Another important finding we should mention is that ATR2 expression also increased in both nephrotic models. We have previously reported that AT2R-mediated Ang II action has a function opposite to AT1R-mediated Ang II action.[17] It is thought that the increase of AT2R is a protective response to suppress AT1R-mediated Ang II action.
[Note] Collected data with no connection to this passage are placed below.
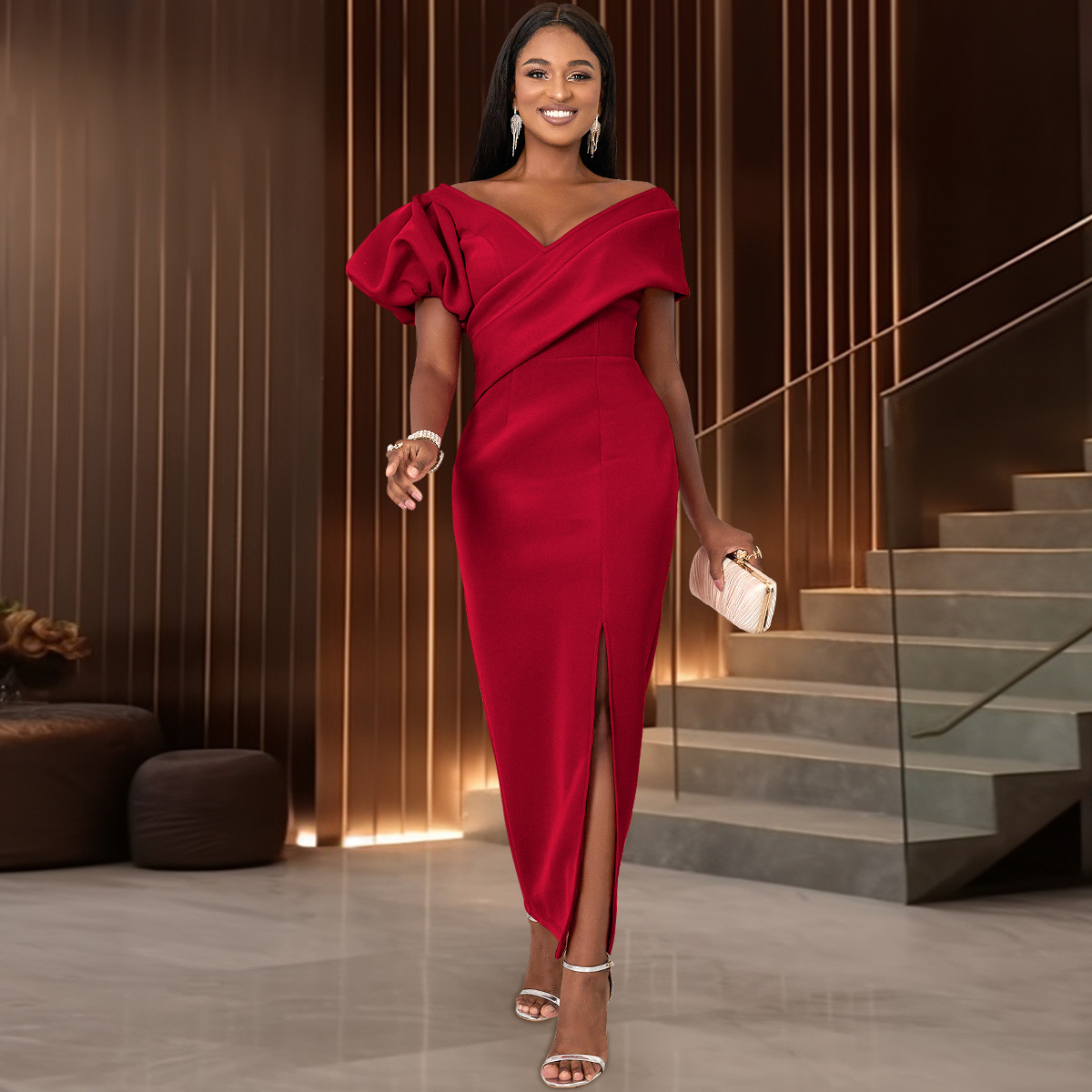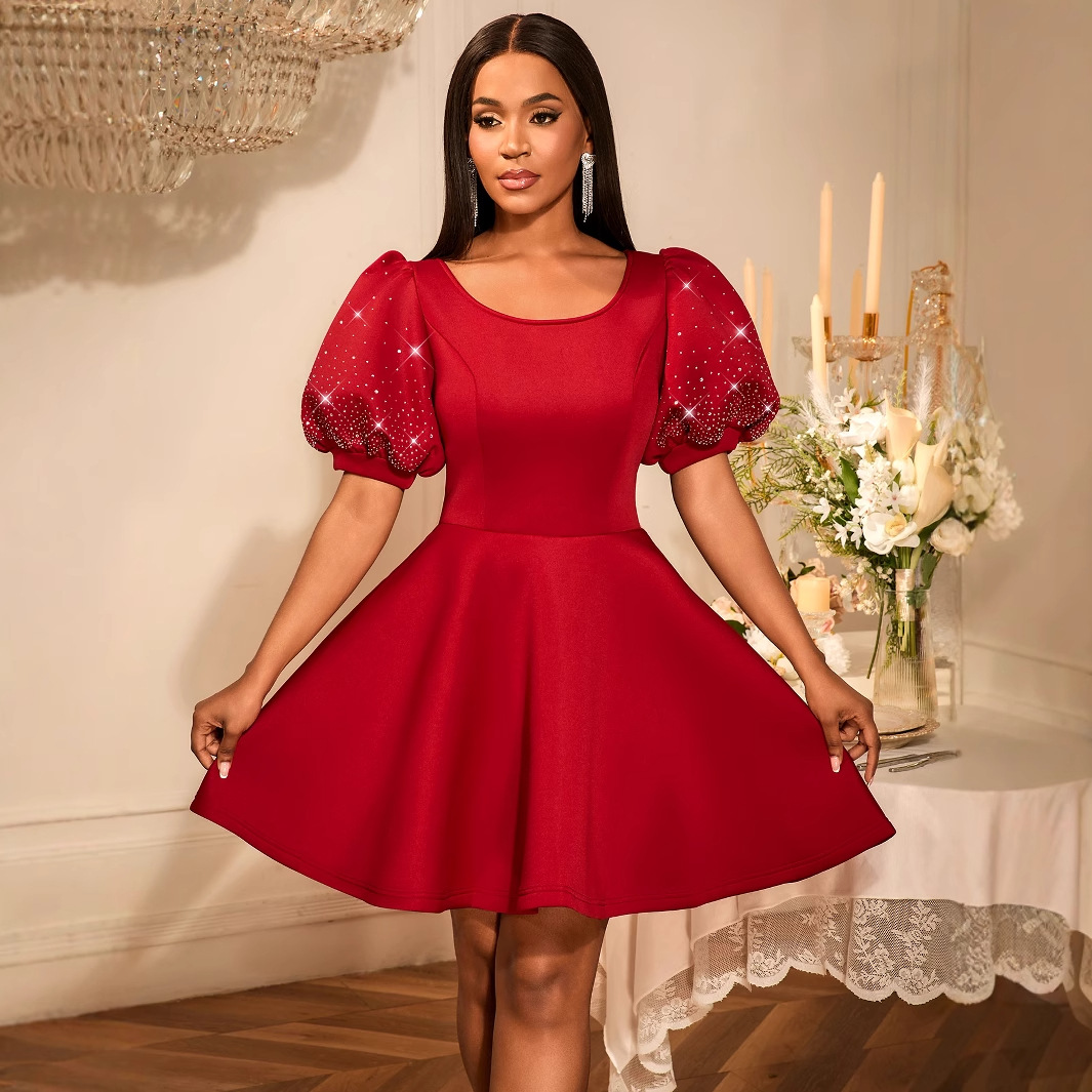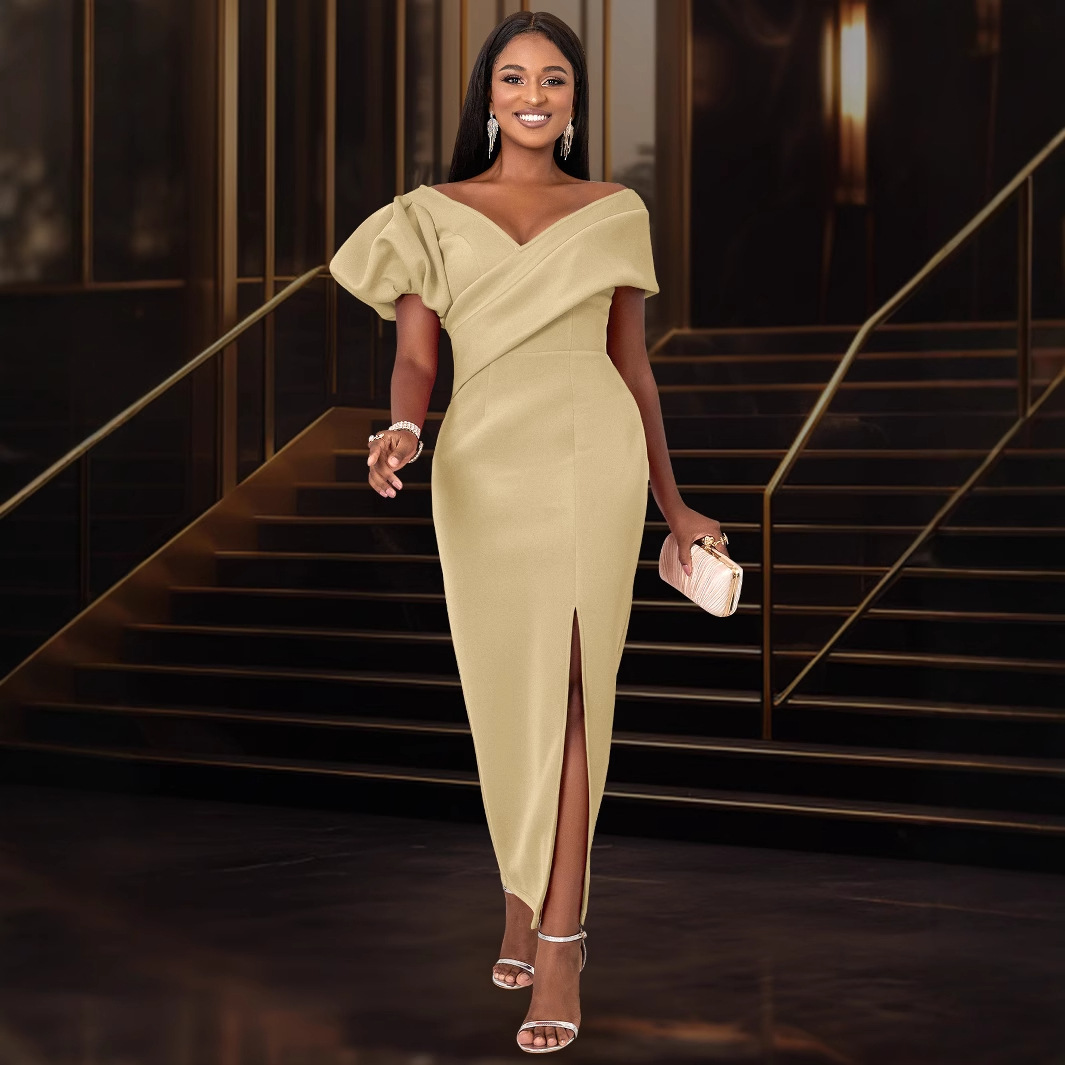 AM030412 Summer comfortable personalized lantern sleeve dress party banquet V-neck dress dress
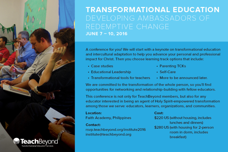 In the mornings we will explore issues surrounding transformational education and intercultural adaptation to help you advance your personal and professional impact for Christ.
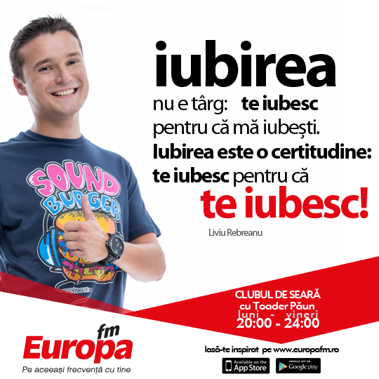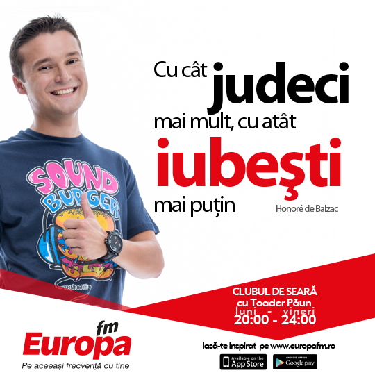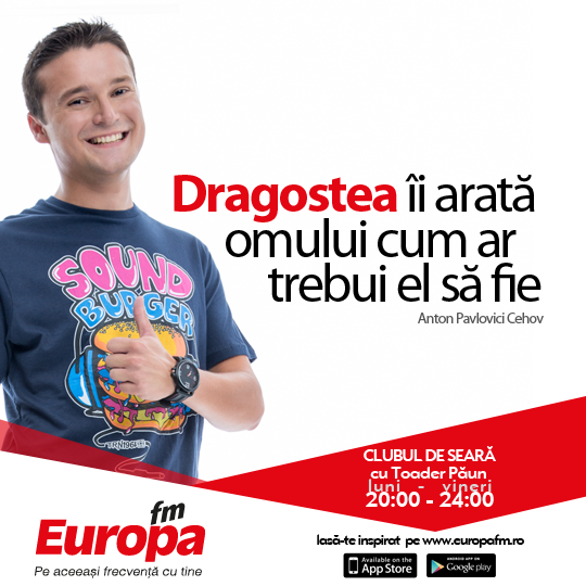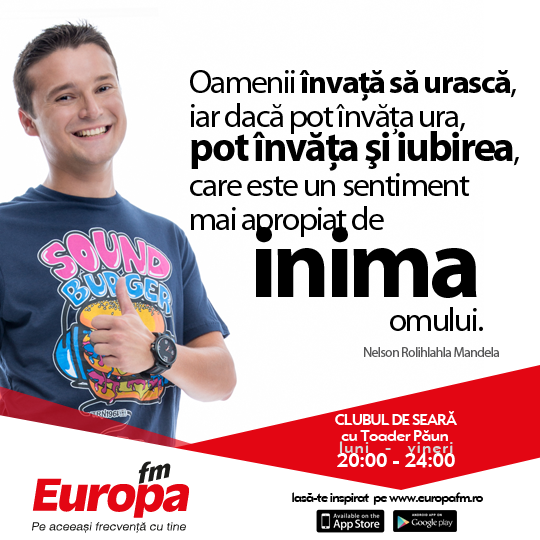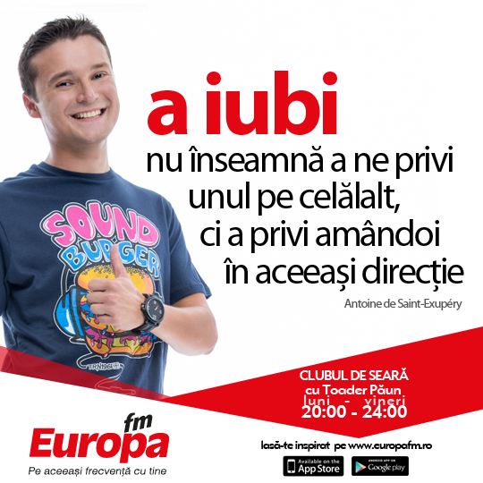 În fiecare zi, la Europa FM, Clubul de Seară te inspiră cu un citat care să te pună pe gânduri, să te deconecteze de la probleme şi să te (re)conecteze cu lucrurile cu adevărat importante.
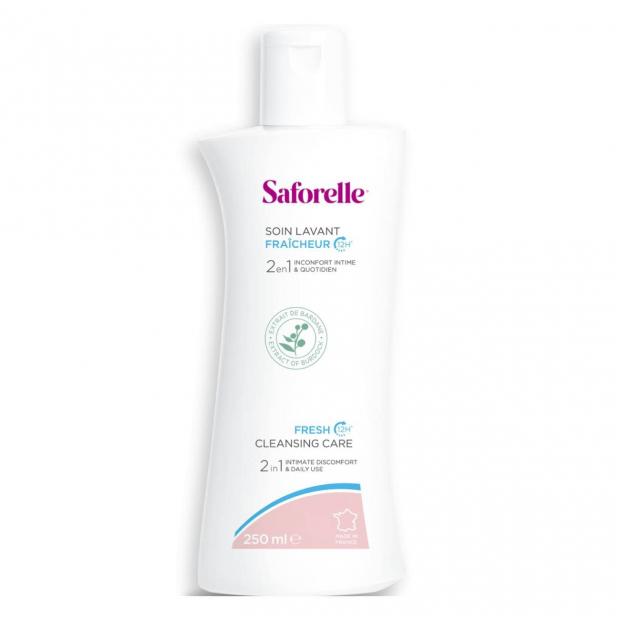 Saforelle Solução de Lavagem Refrescante tem uma textura leve e uma fórmula de elevada tolerância.
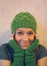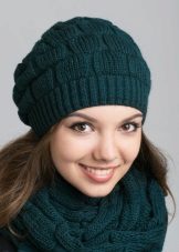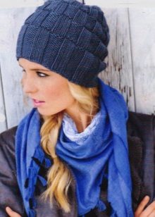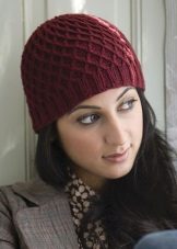 It will not be difficult for a beginner needlewoman to make various geometric patterns based on a specific arrangement of front and back loops. This is a checkerboard pattern., which is an alternating square, which can be of different sizes: 2x3, 3x3, 4x4, etc. (but do not make them too large). So, to knit a 4x4 chess, in the first row you knit 4 front and 4 wrong loops one by one, knit the next three rows according to the pattern. In the fifth row, in place of the facial loops, the wrong ones are knitted and vice versa. The hat with this pattern will turn out to be rather dense, it will not be wrapped even without elastic at the edge.
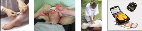- HLR (Hjärtlungräddning), då man ger bröstkompressioner vid hjärtstopp samt behandlar luftvägsstopp vid blockerad luftväg.
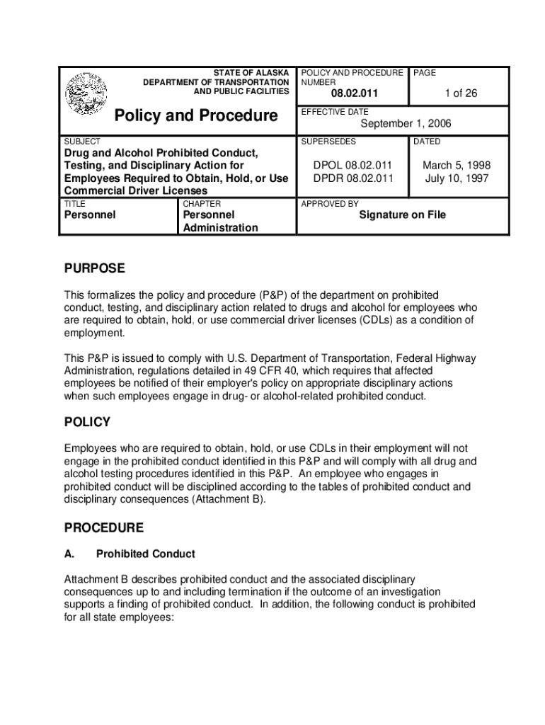 Get the free Testing ProceduresFMCSA - Department of Transportation - dot alaska
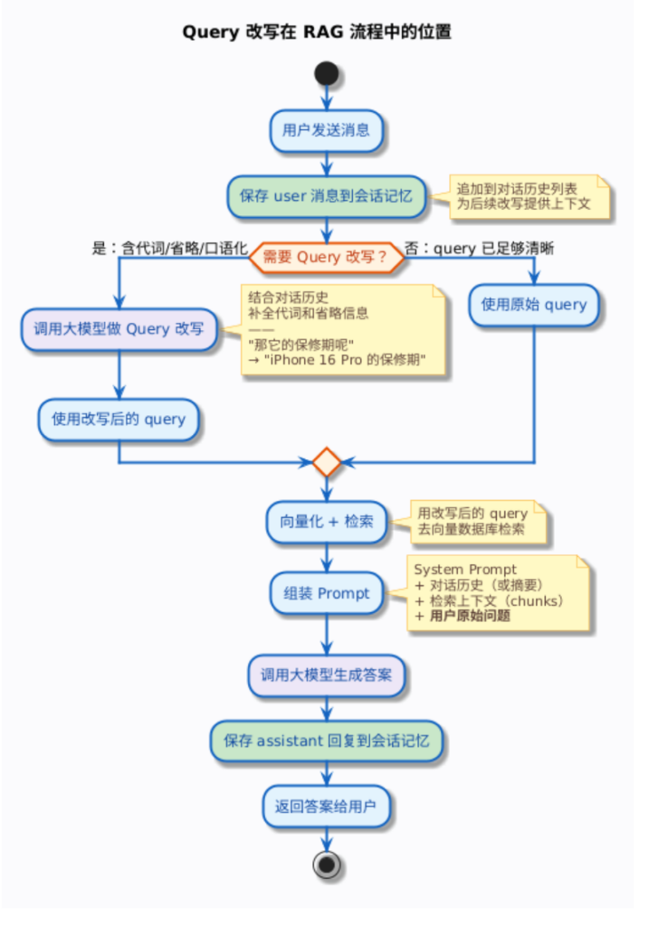 - 2.Query改写在会话记忆读取之后、检索之前 。这个位置很关键——改写需要对话历史作为输入,改写的结果用于检索
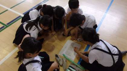 今日の児童集会は、8日(土)の田中フェスティバルのお店を回る順番を、みんなで考えました。
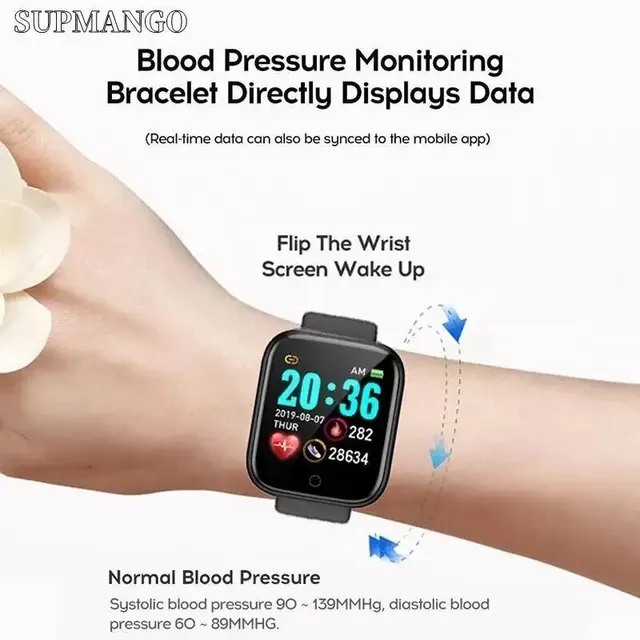 For Android IOS Smart Bracelet Women Smartwatch Men Heart Rate Blood Oxygen Waterproof Sport Smart Band Watch For Ladies +Gift
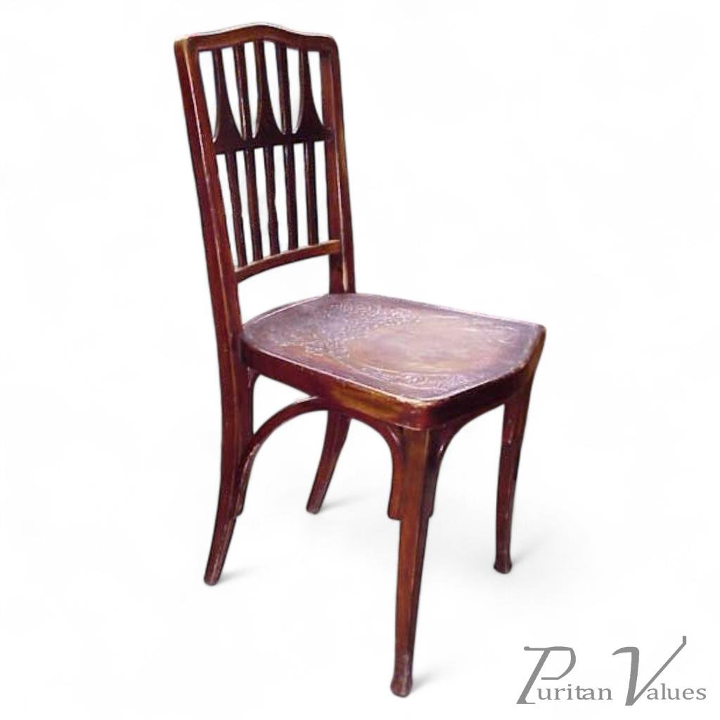 A pair of bentwood chairs designed by Gustuv Siegel with stylised floral embossed seats, made by J and J Kohn. Circa 1910.
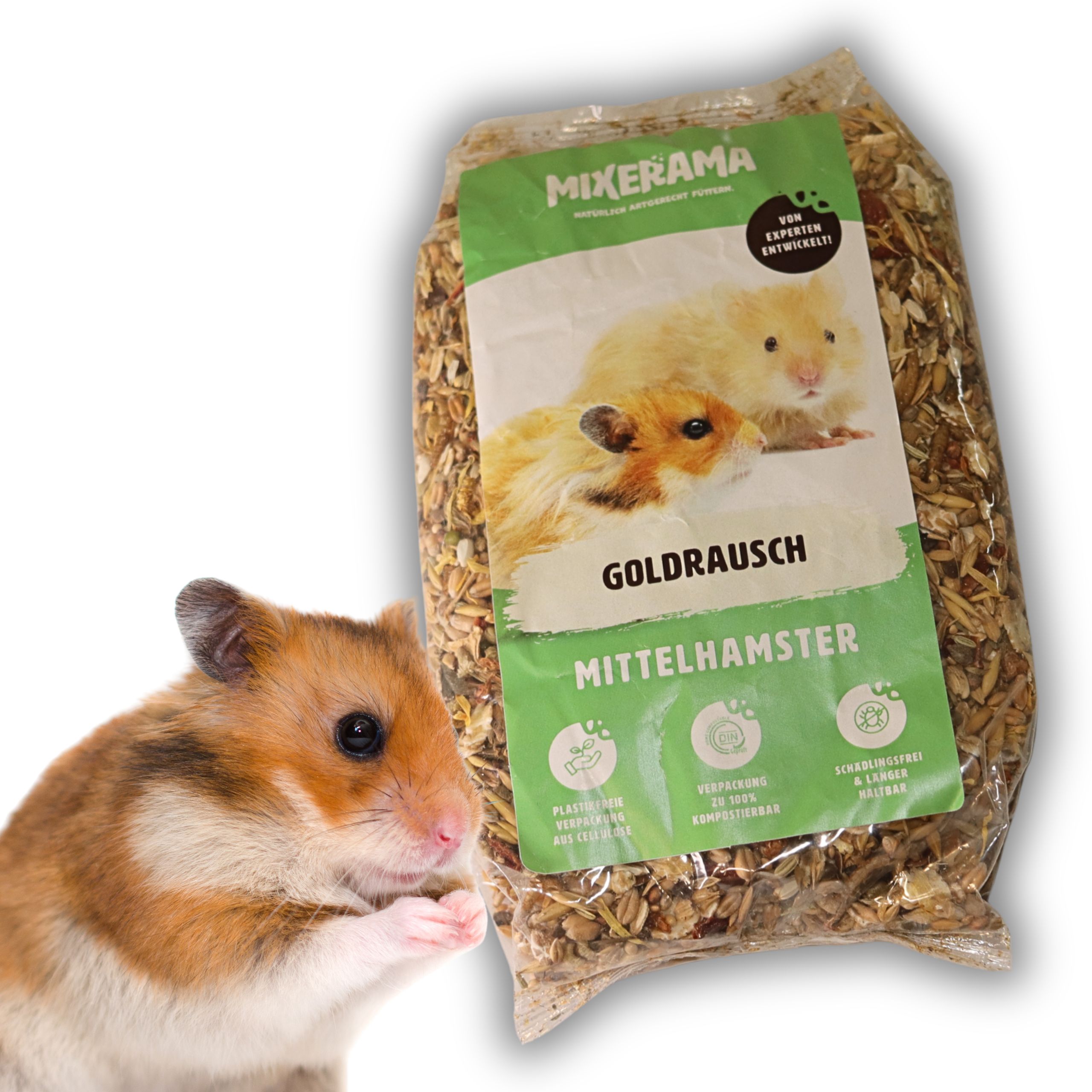Mixerama Goldrausch zawiera dodatek mączników, a dzięki temu dostarcza dla chomika niezbędny dodatek białka zwierzęcego, który w naturze, wchodzi w skład ich naturalnej diety.
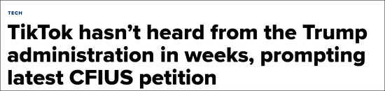?”报道中援引知情人士的话透露说,TikTok已经好几周都没有与美国外国投资委员会(CFIUS)进行有意义的对话了。同一天,TikTok也发布声明称,他们积极与CFIUS沟通,但目前尚未得到CFIUS的任何实质性反馈,为此他们不得不再次向法院上诉,申请叫停强制剥离TikTok在美业务的“交易禁令”。
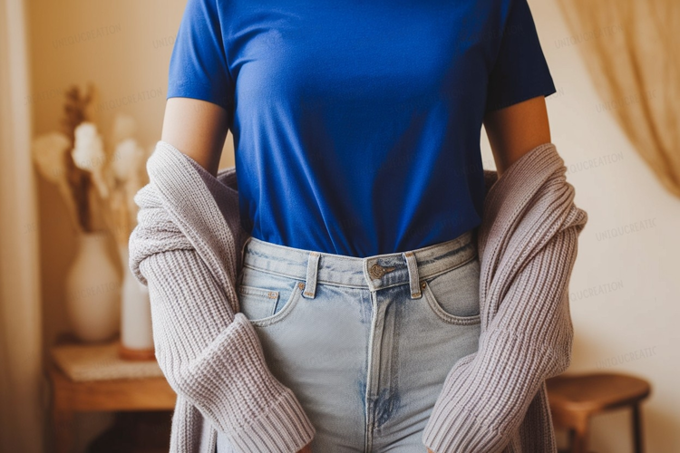 Similar Design Products to Blue shirt light jeans grey cardigan image

It is reported that the local tissue RAS is enhanced if the cells are stimulated,[25,26,31] and that the activated local RAS participates in tissue injury in an autocrine or paracrine manner. A recent report implied that if the cells are stimulated with Ang II, the Ca++ channel was activated and the consequent increase of Ca++ influx enhanced the local RAS in a positive feedback loop.[31] In this study we observed that glomerular mRNA expression of AGT increased remarkably in nephrotic models, and the increase of AGT was also observed by immunohistochemistry. We observed that the increase in AGT staining in liver is not clear in the nephrotic models. These observations suggest that the local RAS may be involved in the development of the nephrotic models. ARB is widely used for patients showing proteinuria, including in steroid-resistant nephropathy.[32] In this study, we also observed that the ARB treatment suppressed the increase of the glomerular expression of AGT, and inhibited the decrease of the expression of SD molecules, and then ameliorated proteinuria in the nephrotic model (Figure 4). The observations suggest that the local RAS participated in SD dysfunction, and that ARB treatment protected the SD by blocking the positive feedback loop of the local action of Ang II.

This is the first report showing that the expression of AGT in podocytes was evidently increased in nephrotic states and the increased expression of glomerular AGT was suppressed by ARB treatment. It is conceivable that the promoted local RAS participates in the development of nephrotic syndrome.